Dalle suggestioni gaelico-norrene del villaggio di contadini “ribelle suo malgrado”, al sottotesto del Graal nell’intreccio del robot JC-1435 e della vicenda della principessa Issa (arrivando apertamente a sfiorare elementi cristologici e mariani nel primo risveglio di Jimmy). Fino ai fenomeni pop contemporanei da Warhammer 40.000 alle “spade laser”. Per non dimenticare le Kali le gigantesse blu interdimensionali schiavizzate nelle navi spaziali, tra i jotunn norreni e i navigatori della gilda di Dune di Herbert. Tante suggestioni nell’ennesima variazione sul tema de I sette samurai di Kurosawa. Ma Snyder compie una piccola ma illuminante rielaborazione: in Rebel Moon saranno prima i guerrieri a farsi contadini, e poi i contadini a diventare combattenti. Un dettaglio che riassume l’inventiva e la capacità di Snyder nella rielaborazione di forme note, in cui prova a condensare il meglio di Occidente e Oriente (va da sé quali occidente e quali oriente).
Una rielaborazione di temi noti che la critica e il pubblico hanno in gran parte rifiutato con l’obiezione che Rebel Moon sia solo un copia e incolla al più visivamente accattivante. Anzi per molti lo stesso termine rielaborazione sarebbe immeritato: troppo evidenti e smaccate le ispirazioni per poter parlare di rielaborazione. Eppure la sintesi snyderiana di fondere nel crogiuolo di Rebel Moon tutte le suggestioni in nuovo mito (evidente già sin dalla prima cut) è meno banale di quanto le scelte estetiche suggeriscano, come già la sottigliezza dei guerrieri che prima devono farsi contadini.
In merito all’accusa di “copia-e-incolla” si deve far notare la pervasività dell’immaginario pop contemporaneo. Le stesse affermazioni contro Rebel Moon come semplice collage senza nulla di originale si possono fare (e in parte le si fecero) per gli inizia di Guerre Stellari.
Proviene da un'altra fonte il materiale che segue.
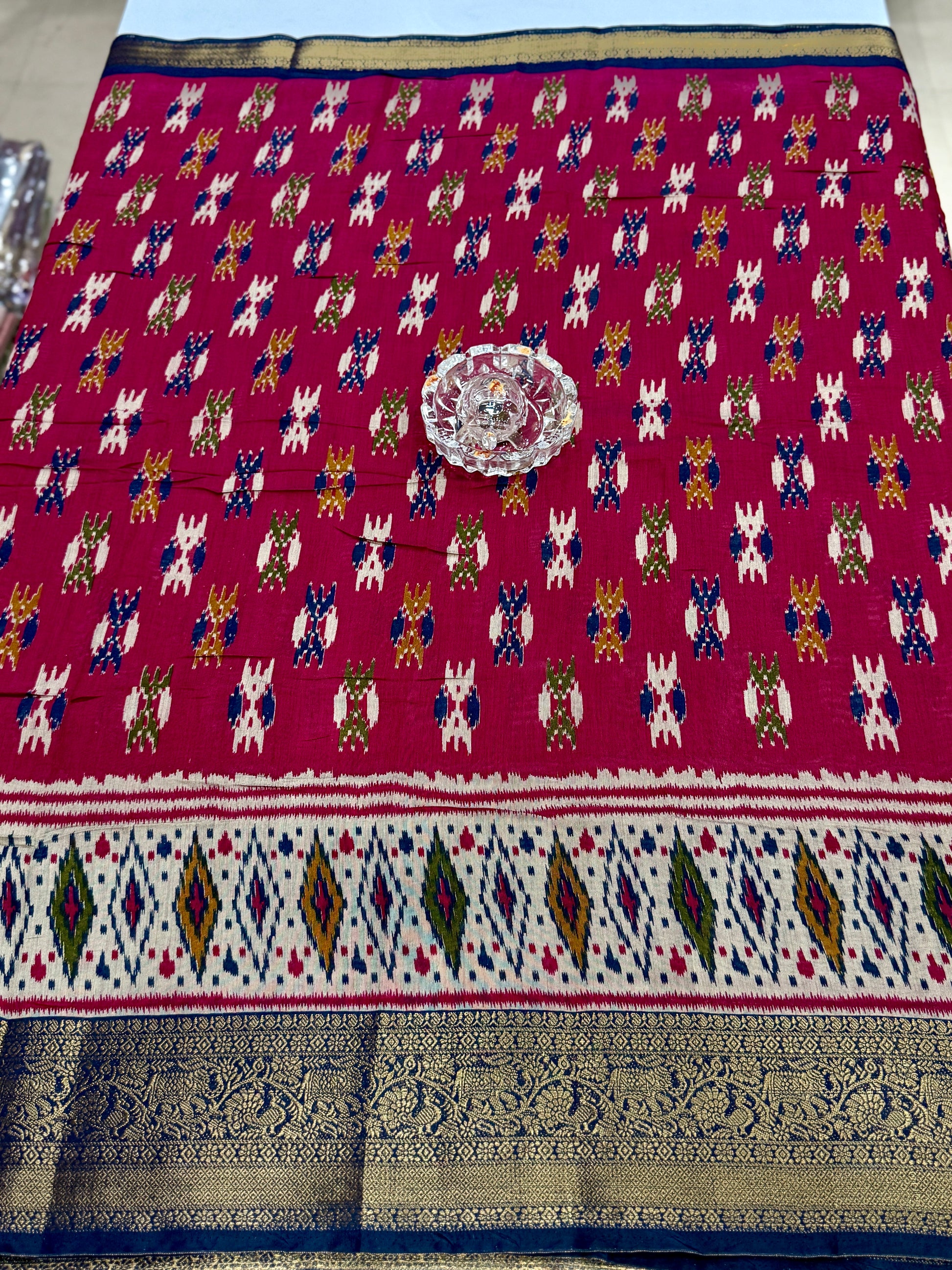 Weaving: Ikat-style motifs with zari-woven contrast border
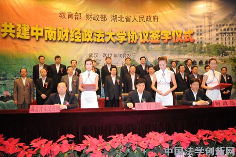 新聞網(wǎng)訊(記者 馬迪思) 10月23日,教育部、財(cái)政部、湖北省人民政府共建中南財(cái)經(jīng)政法大學(xué)協(xié)議簽約儀式在我校文泉報(bào)告廳隆重舉行。教育部副部長(zhǎng)杜玉波、財(cái)政部副部長(zhǎng)王軍、湖北省人民政府常務(wù)副省長(zhǎng)王曉東代表三方簽署協(xié)議并發(fā)表了講話。湖北省委副書記、省長(zhǎng)王國(guó)生,財(cái)政部黨組成員、部長(zhǎng)助理余蔚平出席。湖北省副省長(zhǎng)郭生練主持簽約儀式。

Dalla famosa dichiarazione di un certo Frank Herbert del 1985: « Sto solo dicendo che ci sono 16 punti di identità tra il libro Dune e Star Wars. Ora che hai una statistica, che cos’è? È 16 volte 16 volte più di 1, le probabilità che non sia una coincidenza? Non ci sono così tante stelle nell’universo”.
A Dune in Guerre Stellari si sommano gli elementi asimoviani, gli evidenti omaggi al cinema di Akira Kurosawa, in particolare a La fortezza nascosta. E soprattutto a tutto il cinema bellico-aeronautico degli anni ’50 e ‘60, da I ponti di Toko-Ri per le sequenze di dialogo in volo dei piloti degli X-Wing a 633 Squadron con i de Havilland Mosquito nei fiordi norvegesi per la trench run nella Morte nera. Fino al celebre Dambusters, I distruttori di dighe, da cui Lucas mutua l’attacco finale al punto debole della Morte nera. Basterebbe un giro su YouTube per comprendere il livello di collage realizzato da Lucas. Ma le cose fuse da Lucas nel crogiuolo di Guerre Stellari erano note solo a un pubblico di esperti.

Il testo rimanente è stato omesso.